• _Task description_: When you reproduce the data, keep every word exactly as it stands and leave the pictures out.

======== Dataset extract

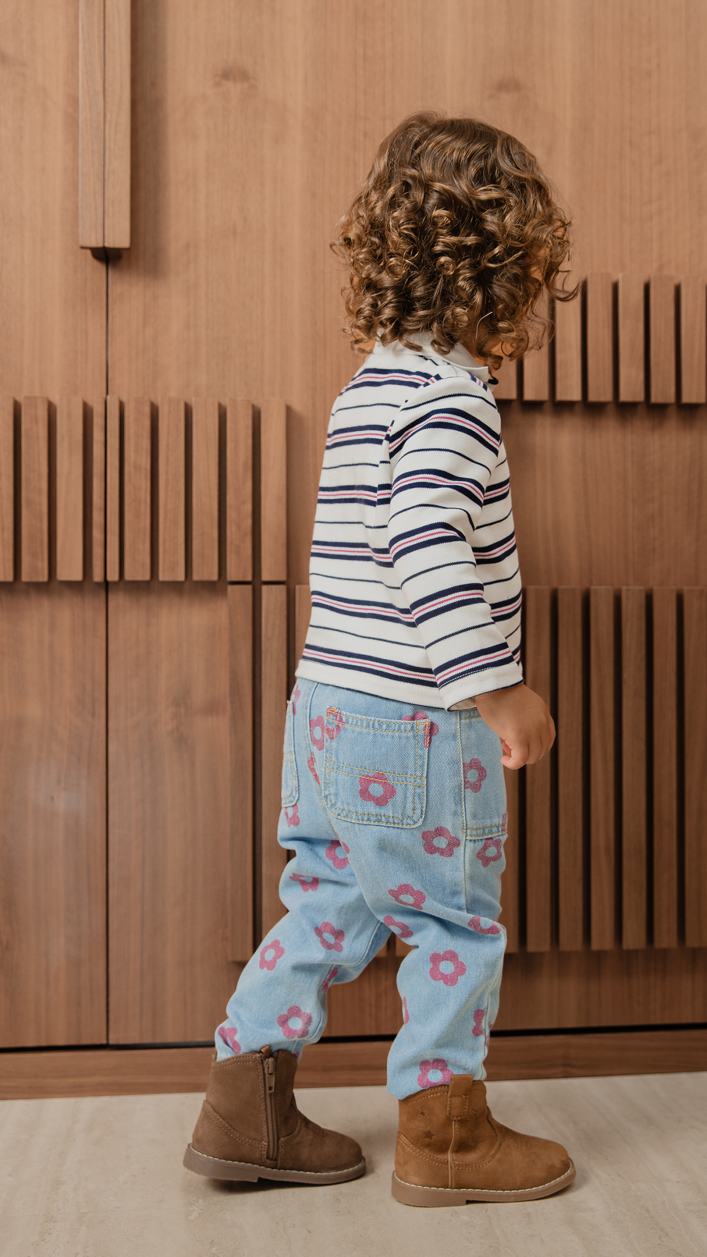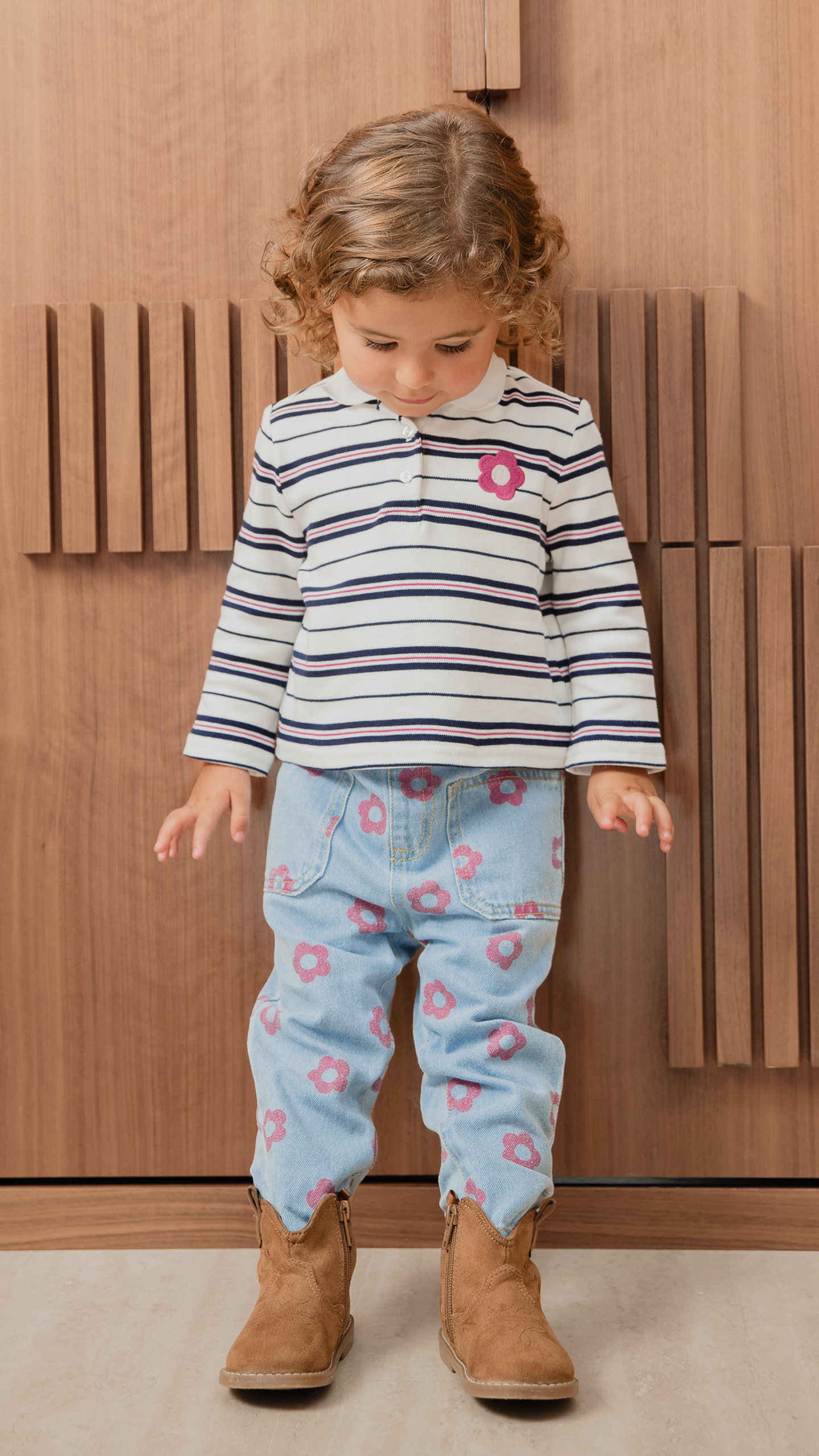 JEAN AZUL CLARO CON ESTAMPADO DE FLORES FUCSIA PARA BEBE NIÑA
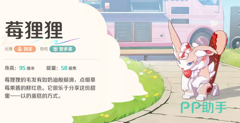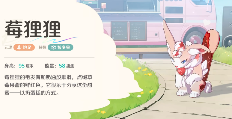 攻心蛊外形类似细长昆虫,配备一对显著触角,行为特征表现为持续关注心仪对象,并能手中凝聚跳动的心形能量体。该精灵归属于喜爱类别,战斗中可担当远程射手,其触角形状类似弓箭,具备一定战术价值。莓狸狸是一只外形萌态十足的狐狸精灵,毛发如奶油般柔顺,背部装饰有果酱纹理。虽仅有95cm身高,但能量达58,原理为饱足,职业设定为智多星,擅长策略辅助与技能调度。
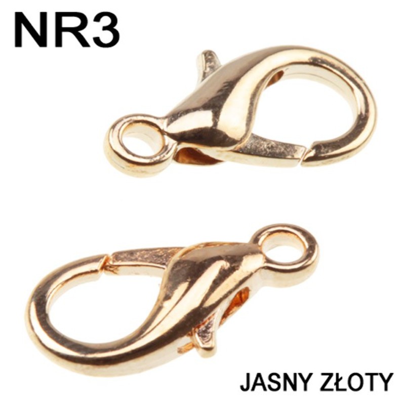 Solidne zapięcie metalowe - KARABIŃCZYK. Produkt nie zawiera niklu, ani ołowiu. Zapięcie przeznaczone do wyrobu biżuterii. Zapięcia starannie wykonane i wykończone na wysoki połysk.

================

• _Expected output_:
 JEAN AZUL CLARO CON ESTAMPADO DE FLORES FUCSIA PARA BEBE NIÑA
 攻心蛊外形类似细长昆虫,配备一对显著触角,行为特征表现为持续关注心仪对象,并能手中凝聚跳动的心形能量体。该精灵归属于喜爱类别,战斗中可担当远程射手,其触角形状类似弓箭,具备一定战术价值。莓狸狸是一只外形萌态十足的狐狸精灵,毛发如奶油般柔顺,背部装饰有果酱纹理。虽仅有95cm身高,但能量达58,原理为饱足,职业设定为智多星,擅长策略辅助与技能调度。
 Solidne zapięcie metalowe - KARABIŃCZYK. Produkt nie zawiera niklu, ani ołowiu. Zapięcie przeznaczone do wyrobu biżuterii. Zapięcia starannie wykonane i wykończone na wysoki połysk.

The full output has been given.